Мое сердце в страхе забилось раз в двести сильнее. Обняв ее за плечи, я приподнял ее так, что голова очутилась на моем плече и, гладя по мокрым волосам, громко произнес:
- Климентина!!! Очнись, милая! Слышишь? Очнись! – легонько, чтобы ей не было больно, я шлепнул ладонью по ее щеке и потряс немного в надежде на то, что это поможет.
Но это не помогло. Она находилась все в том же состоянии и, не зная, что делать, я крепко обнял ее, продолжая гладить по голове. Я не понимал, что с ней. Сниться ли ей страшный сон или же что-то мучит ее ужасной болью, но в тот момент я искренне, сам того не осознавая, пожелал, чтобы боль эта мучила меня, оставив ее.

- Климентина?! – вновь и вновь повторял я. – Очнись же, я прошу тебя… - в таких муках я просидел с ней чуть больше часа.
Ее состояние сводило меня с ума. Прижимая ее к себе, я качался, будто китайский болванчик и каждую новую минуту просил, чтобы она очнулась. Я был готов вспомнить ненавистного мне Люцифера, и даже припомнить еще более ненавистного Господа Бога, но я знал, что это не поможет. Я уже сам пытался справиться с этим, с помощью печати, но и это не принесло никаких результатов. Если бы я только знал, что с ней, все было бы проще.
Наконец, когда я уже совсем отчаялся, ее карие, напоминающие мне темный шоколад, глаза открылись и кошмар всей ночи завершился.
Щурясь, она непонимающе смотрела на меня, а я, чувствуя, как по щеке моей бежит слеза, облегченно улыбался.

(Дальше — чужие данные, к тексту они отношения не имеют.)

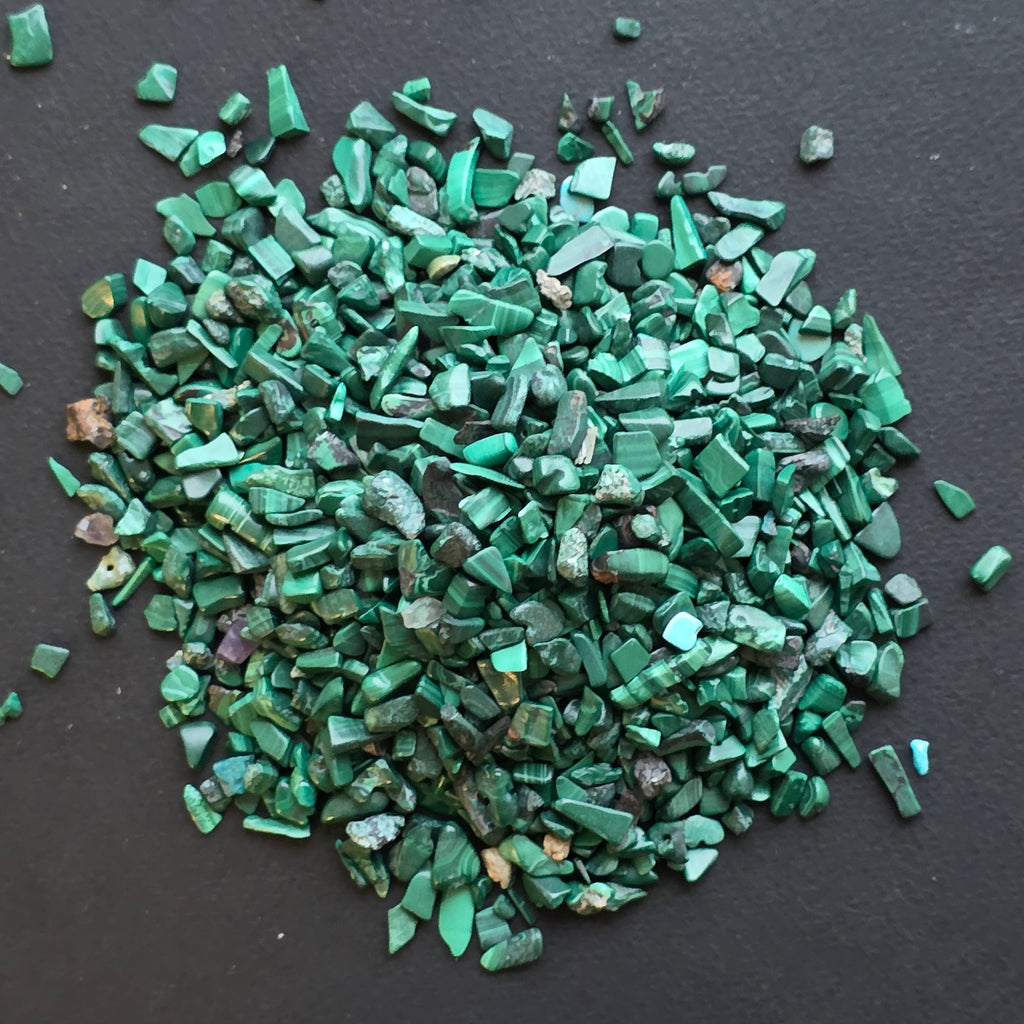 Tip: chipsuri malachit natural (pietre mici șlefuite, neregulate)
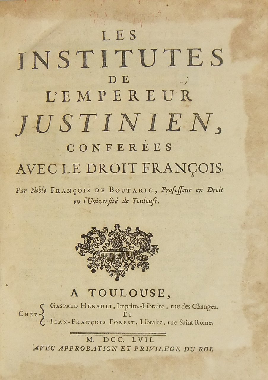 Les institutes de l'Empereur Justinian, conferees avec le droit francais | Rare and modern books | De Boutaric Francois
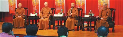 「從《維摩詰經》談幸福安樂之道」論壇則由青年總團副執行長覺屏法師主持,慧僧法師以「還債與還願」的消極、積極面看待人生態度,以及禪師要弟子購買鳳梨的公案,談及如何轉煩惱為菩提。

- Даже демоны могут плакать? – задала она странный, самый неподходящий вопрос в ту минуту, который выбил меня из колеи, и тем самым вновь напомнила мне себя настоящую.
- Могут, - я кивнул.
- Надо же… - ее теплая рука коснулась моей щеки и смахнула еще катившуюся по ней слезинку. – Что ты здесь делаешь?
Я замер. Как объяснить ей, что я делаю в ее комнате, в час ночи, да еще и обнимая ее?
- Я… - начал было я, но решил зайти с другого конца. – Тебе снился страшный сон?
Она отвела взгляд в сторону, подумал, а потом, вновь глядя мне в глаза, ответила:
- Да вроде нет, Вельзевул… А разве что-то не так?
- Тогда, может что-то мучило? – я не понимал решительно ничего.
- Хм… Голова что-то гудит, - она поморщила носиком, сделавшись такой смешной, что я невольно издал тихий смешок.
- Понимаешь… Я услышал стоны, а когда зашел, увидел что ты лежишь на полу… - начал объяснять я, но был прерван.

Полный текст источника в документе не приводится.